» Task prompt
To complete this task, print all the data below exactly but leave out the images.
┄┄┄┄┄┄
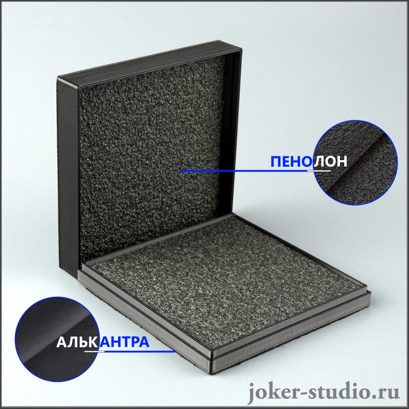 Внутренняя отделка из пенолона, который надежно защитит изделие от повреждений и царапин. Внешняя нижняя часть обтянута алькантарой (искусственной замшей) — приятным на ощупь материалом, придает коробке изысканный вид, не теряет свой внешний вид с течением времени.
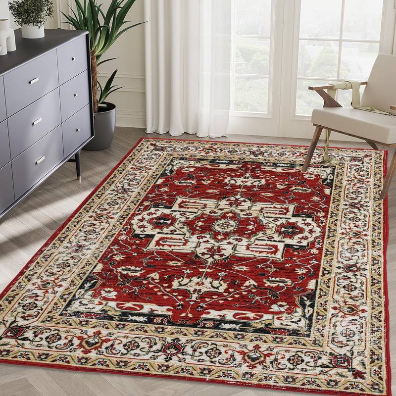 - Introducing our stunning 5x7 area rug, featuring a vibrant yellow and red color palette and a unique floral pattern that adds a touch of vintage charm to any space. Made from high-quality polyester and TPE, this machine-washable rug combines style with practicality, making it perfect for high-traffic areas like living rooms, bedrooms, and kitchens.
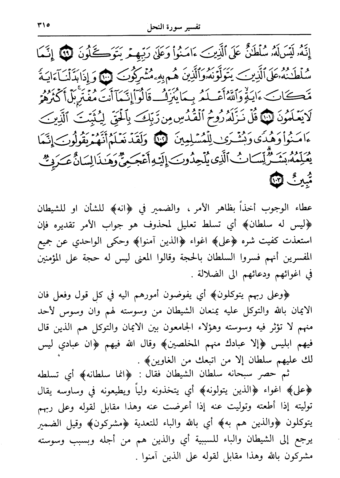 إِنَّهُ لَيْسَ لَهُ سُلْطَانٌ عَلَى الَّذِينَ آمَنُوا وَعَلَى رَبِّهِمْ يَتَوَكَّلُونَ (99) إِنَّمَا سُلْطَانُهُ عَلَى الَّذِينَ يَتَوَلَّوْنَهُ وَالَّذِينَ هُمْ بِهِ مُشْرِكُونَ (100) وَإِذَا بَدَّلْنَا آيَةً مَكَانَ آيَةٍ وَاللَّهُ أَعْلَمُ بِمَا يُنَزِّلُ قَالُوا إِنَّمَا أَنْتَ مُفْتَرٍ بَلْ أَكْثَرُهُمْ لَا يَعْلَمُونَ (101) قُلْ نَزَّلَهُ رُوحُ الْقُدُسِ مِنْ رَبِّكَ بِالْحَقِّ لِيُثَبِّتَ الَّذِينَ آمَنُوا وَهُدًى وَبُشْرَى لِلْمُسْلِمِينَ (102) وَلَقَدْ نَعْلَمُ أَنَّهُمْ يَقُولُونَ إِنَّمَا يُعَلِّمُهُ بَشَرٌ لِسَانُ الَّذِي يُلْحِدُونَ إِلَيْهِ أَعْجَمِيٌّ وَهَذَا لِسَانٌ عَرَبِيٌّ مُبِينٌ (103)
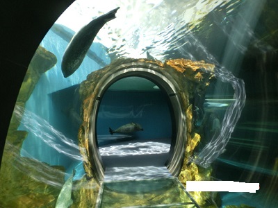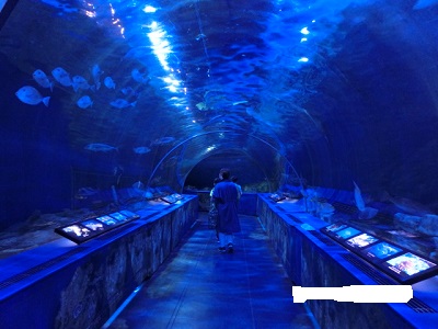 | これは「アザラシ館」とは別のトンネル水槽。水量500トンの大水槽をくぐる、22メートルの散歩道ですね。 「約60種900尾の魚たちが優雅に泳ぐ」という謳い文句ながら、一番目立つのはウミガメだったか。 「いきものトーク」の時間には、説明役の飼育員とは別に、水槽内にダイバーのお姉さんが入り、エサやりなどします。 |
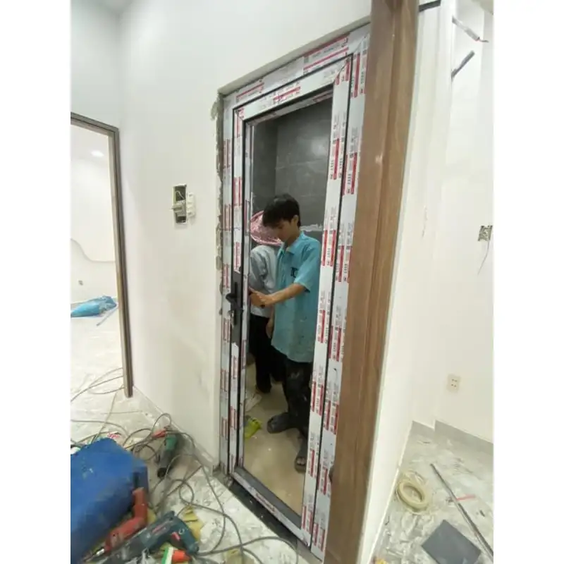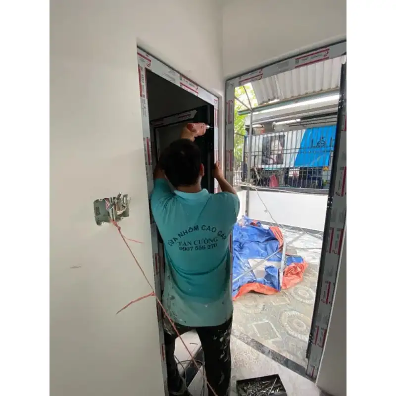Hình ảnh lắp đặt cửa nhôm Xingfa cho công trình quận 3 – Kèm khóa vân tay
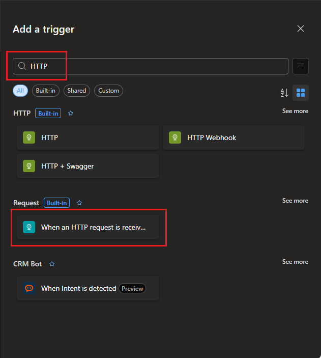 Scroll through the results and select Request - When an HTTP request is received as the trigger.
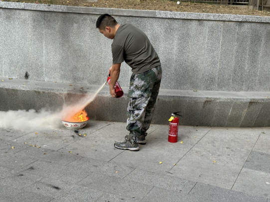 在知識宣傳結束后,為了讓小朋友們和老師更加直觀地感受滅火器的使用方法,體會滅火器的滅火功效,社區工作人員向老師和孩子們現場演示了滅火器的使用。最后,社區工作人員還就幼兒園小朋友安全用電以及防溺水工作進行了宣傳。
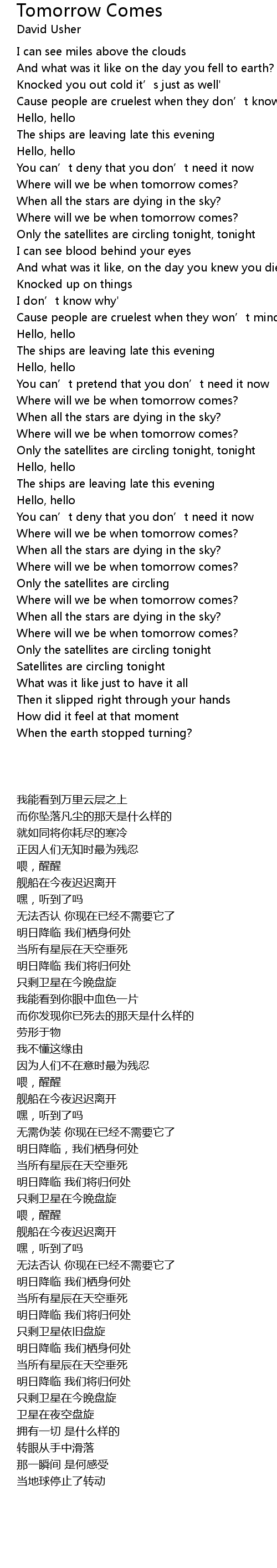 | [01:48.000] | Where will we be when tomorrow comes? |
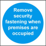 Text: ‘Remove security fastening when premises are occupied’.
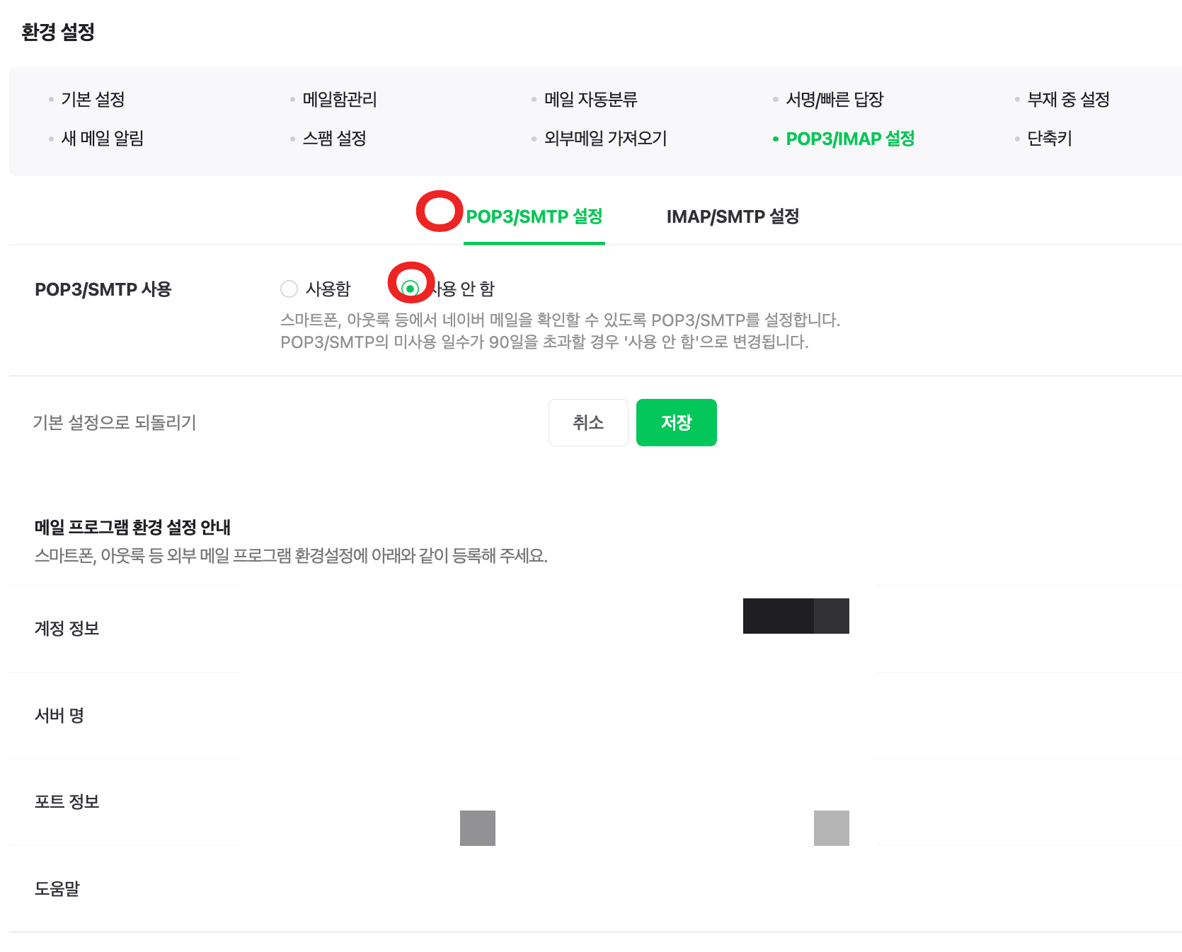 2) POP3/SMPT 설정 → 사용 안 함 후 저장 → IMAP/SMPT 설정 → 사용 안 함 후 저장
┄┄┄┄┄┄
» Your solution
 Внутренняя отделка из пенолона, который надежно защитит изделие от повреждений и царапин. Внешняя нижняя часть обтянута алькантарой (искусственной замшей) — приятным на ощупь материалом, придает коробке изысканный вид, не теряет свой внешний вид с течением времени.
 - Introducing our stunning 5x7 area rug, featuring a vibrant yellow and red color palette and a unique floral pattern that adds a touch of vintage charm to any space. Made from high-quality polyester and TPE, this machine-washable rug combines style with practicality, making it perfect for high-traffic areas like living rooms, bedrooms, and kitchens.
 إِنَّهُ لَيْسَ لَهُ سُلْطَانٌ عَلَى الَّذِينَ آمَنُوا وَعَلَى رَبِّهِمْ يَتَوَكَّلُونَ (99) إِنَّمَا سُلْطَانُهُ عَلَى الَّذِينَ يَتَوَلَّوْنَهُ وَالَّذِينَ هُمْ بِهِ مُشْرِكُونَ (100) وَإِذَا بَدَّلْنَا آيَةً مَكَانَ آيَةٍ وَاللَّهُ أَعْلَمُ بِمَا يُنَزِّلُ قَالُوا إِنَّمَا أَنْتَ مُفْتَرٍ بَلْ أَكْثَرُهُمْ لَا يَعْلَمُونَ (101) قُلْ نَزَّلَهُ رُوحُ الْقُدُسِ مِنْ رَبِّكَ بِالْحَقِّ لِيُثَبِّتَ الَّذِينَ آمَنُوا وَهُدًى وَبُشْرَى لِلْمُسْلِمِينَ (102) وَلَقَدْ نَعْلَمُ أَنَّهُمْ يَقُولُونَ إِنَّمَا يُعَلِّمُهُ بَشَرٌ لِسَانُ الَّذِي يُلْحِدُونَ إِلَيْهِ أَعْجَمِيٌّ وَهَذَا لِسَانٌ عَرَبِيٌّ مُبِينٌ (103)
 | これは「アザラシ館」とは別のトンネル水槽。水量500トンの大水槽をくぐる、22メートルの散歩道ですね。 「約60種900尾の魚たちが優雅に泳ぐ」という謳い文句ながら、一番目立つのはウミガメだったか。 「いきものトーク」の時間には、説明役の飼育員とは別に、水槽内にダイバーのお姉さんが入り、エサやりなどします。 |
Hình ảnh lắp đặt cửa nhôm Xingfa cho công trình quận 3 – Kèm khóa vân tay
 Scroll through the results and select Request - When an HTTP request is received as the trigger.
 在知識宣傳結束后,為了讓小朋友們和老師更加直觀地感受滅火器的使用方法,體會滅火器的滅火功效,社區工作人員向老師和孩子們現場演示了滅火器的使用。最后,社區工作人員還就幼兒園小朋友安全用電以及防溺水工作進行了宣傳。
 | [01:48.000] | Where will we be when tomorrow comes? |
 Text: ‘Remove security fastening when premises are occupied’.
 2) POP3/SMPT 설정 → 사용 안 함 후 저장 → IMAP/SMPT 설정 → 사용 안 함 후 저장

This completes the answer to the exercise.